Lipids were extracted using chloroform and methanol44. Samples were spiked with lipid class-specific internal standards prior to extraction. After drying and resuspending in MS acquisition mixture, lipid extracts were subjected to MS analysis.

Spectra acquisition

Mass spectra were acquired on a hybrid quadrupole/Orbitrap MS equipped with an automated nano-flow electrospray ion source in both positive and negative ion mode.

Data processing and normalization

Lipid identification using LipotypeXplorer45 was performed on unprocessed (*.raw format) mass spectra. For MS-only mode, lipid identification was based on the molecular masses of the intact molecules. MS/MS mode included the collision-induced fragmentation of lipid molecules and lipid identification was based on both the intact masses and the masses of the fragments. Prior to normalization and further statistical analysis, lipid identifications were filtered according to mass accuracy, occupation threshold, noise, and background. Lists of identified lipids and their intensities were stored in a database optimized for the particular structure inherent to lipidomic datasets. Intensity of lipid class-specific internal standards was used for lipid quantification.

Shotgun lipidomics (Jurkat cell line)—see Supplementary Data Set 2

Lipid extraction

In all, 700 μL of sample (diluted in water and containing a total of 10 μg of protein) was mixed with 800 μL 1 N HCl:CH3OH 1:8 (v/v), 900 μL CHCl3, and 200 μg/mL of the antioxidant 2,6-di-tert-butyl-4-methylphenol (Sigma Aldrich). In all, 3 μL of SPLASH® LIPIDOMIX® Mass Spec Standard (#330707, Avanti Polar Lipids) was spiked into the extract mix.
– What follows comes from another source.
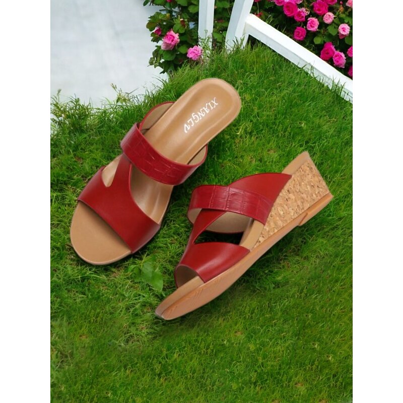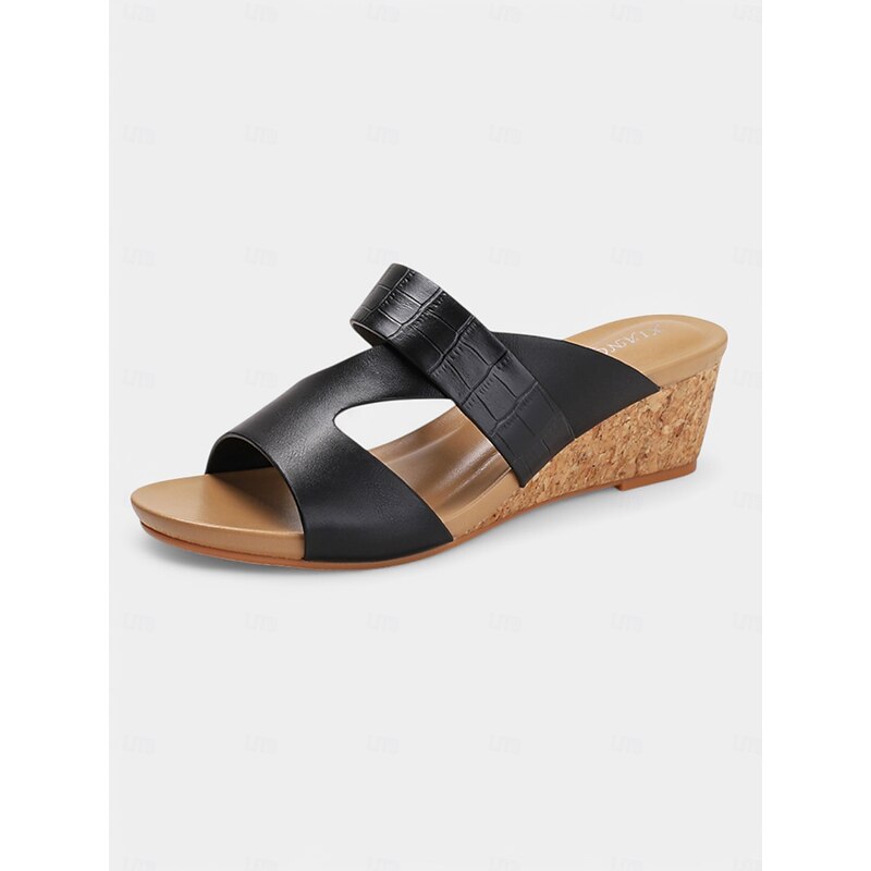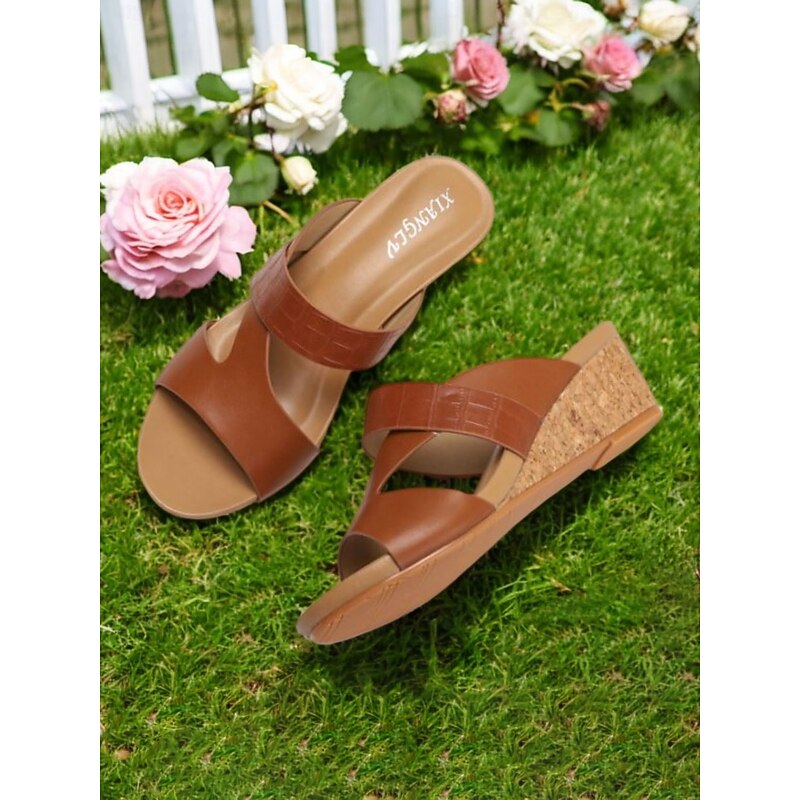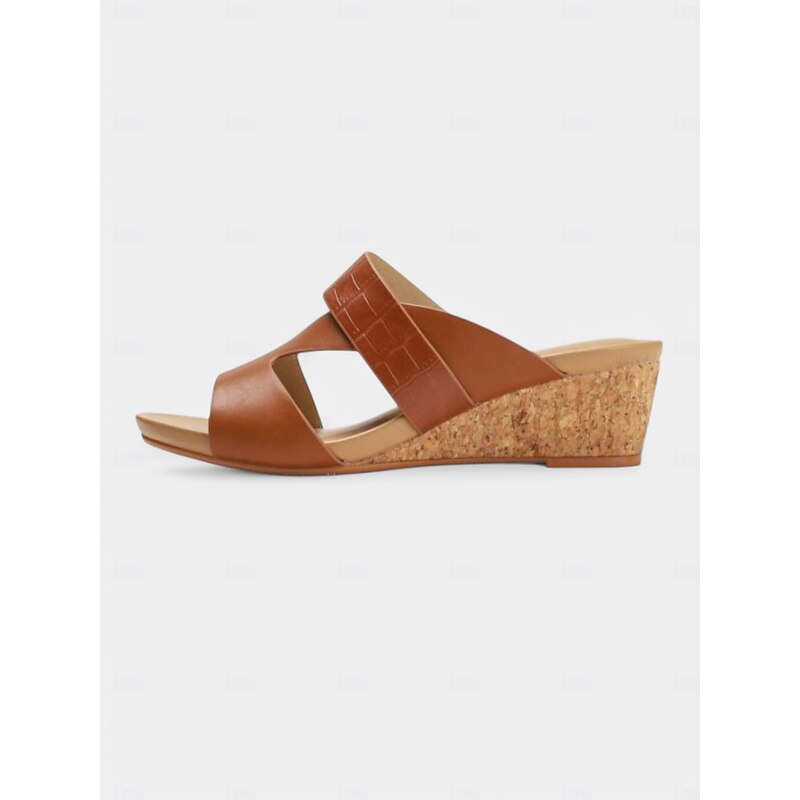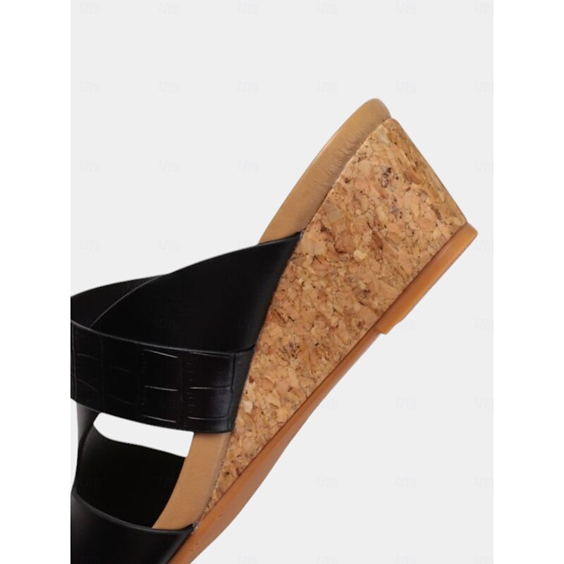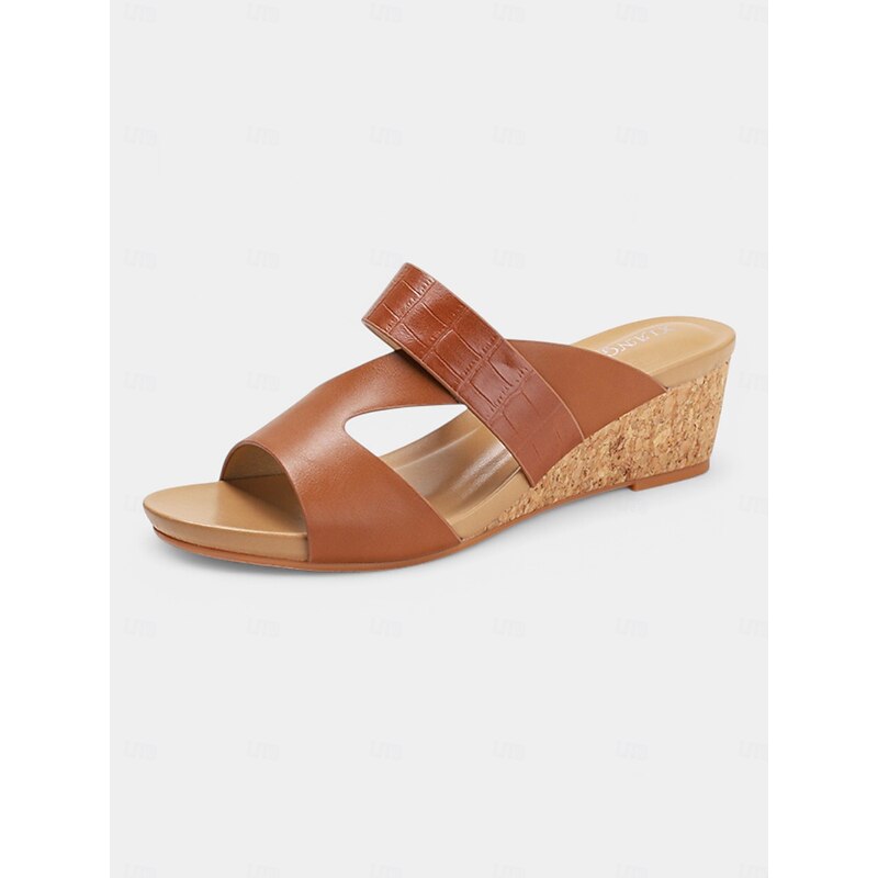 HOT ! Women's Brown Cork Wedge Sandals - Open-Toe Slip-On Summer Slides with Croc-Embossed Straps for Casual & Summer Wear

The organic fraction was evaporated using a Savant Speedvac spd111v (Thermo Fisher Scientific) at room temperature, and the remaining lipid pellet was stored at −20 °C under argon.

Mass spectrometry

Just before MS analysis, lipid pellets were reconstituted in 100% ethanol. Lipid species were analyzed by LC–electrospray ionization–MS/MS on a Nexera X2 UHPLC system (Shimadzu) coupled with hybrid triple quadrupole/linear ion trap mass spectrometer (6500+ QTRAP system; AB SCIEX). Chromatographic separation was performed on a XBridge amide column (150 mm × 4.6 mm, 3.5 μm; Waters) maintained at 35 °C using mobile phase A [1 mM ammonium acetate in water–acetonitrile 5:95 (v/v)] and mobile phase B [1 mM ammonium acetate in water–acetonitrile 50:50 (v/v)] in the following gradient: (0–6 min: 0% B → 6% B; 6–10 min: 6% B → 25% B; 10–11 min: 25% B → 98% B; 11–13 min: 98% B → 100% B; 13–19 min: 100% B; 19–24 min: 0% B) at a flow rate of 0.7 mL/min, which was increased to 1.5 mL/min from 13 min onwards. SM, CE, CER, DCER, HCER, and LCER were measured in positive ion mode with a precursor scan of 184.1, 369.4, 264.4, 266.4, 264.4, and 264.4, respectively. TAG, DAG, and MAG were measured in positive ion mode with a neutral loss scan for one of the fatty acyl moieties. PC, LPC, PE, LPE, PG, LPG, PI, LPI, PS, and LPS were measured in negative ion mode by fatty acyl fragment ions. Lipid quantification was performed by scheduled multiple reactions monitoring (MRM), the transitions being based on the neutral losses or the typical product ions as described above. The instrument parameters were as follows: Curtain Gas = 35 psi; Collision Gas = 8 a.u. (medium); IonSpray Voltage = 5500 and −4500 V; Temperature = 550 °C; Ion Source Gas 1 = 50 psi; Ion Source Gas 2 = 60 psi; Declustering Potential = 60 and −80 V; Entrance Potential = 10 and −10 V; Collision Cell Exit Potential = 15 and −15 V. The following fatty acyl moieties were taken into account for the lipidomic analysis: 14:0, 14:1, 16:0, 16:1, 16:2, 18:0, 18:1, 18:2, 18:3, 20:0, 20:1, 20:2, 20:3, 20:4, 20:5, 22:0, 22:1, 22:2, 22:4, 22:5 and 22:6, except for TAGs which considered: 16:0, 16:1, 18:0, 18:1, 18:2, 18:3, 20:3, 20:4, 20:5, 22:2, 22:3, 22:4, 22:5, 22:6.

Data analysis

Peak integration was performed with the MultiQuantTM software version 3.0.3. Lipid species signals were corrected for isotopic contributions (calculated with Python Molmass 2019.1.1) and were normalized to internal standard signals. Unpaired T test p values and false discovery rate corrected p values (using the Benjamini/Hochberg procedure) were calculated in Python StatsModels version 0.10.1.

Reporting summary

Further information on research design is available in the Nature Research Reporting Summary linked to this article.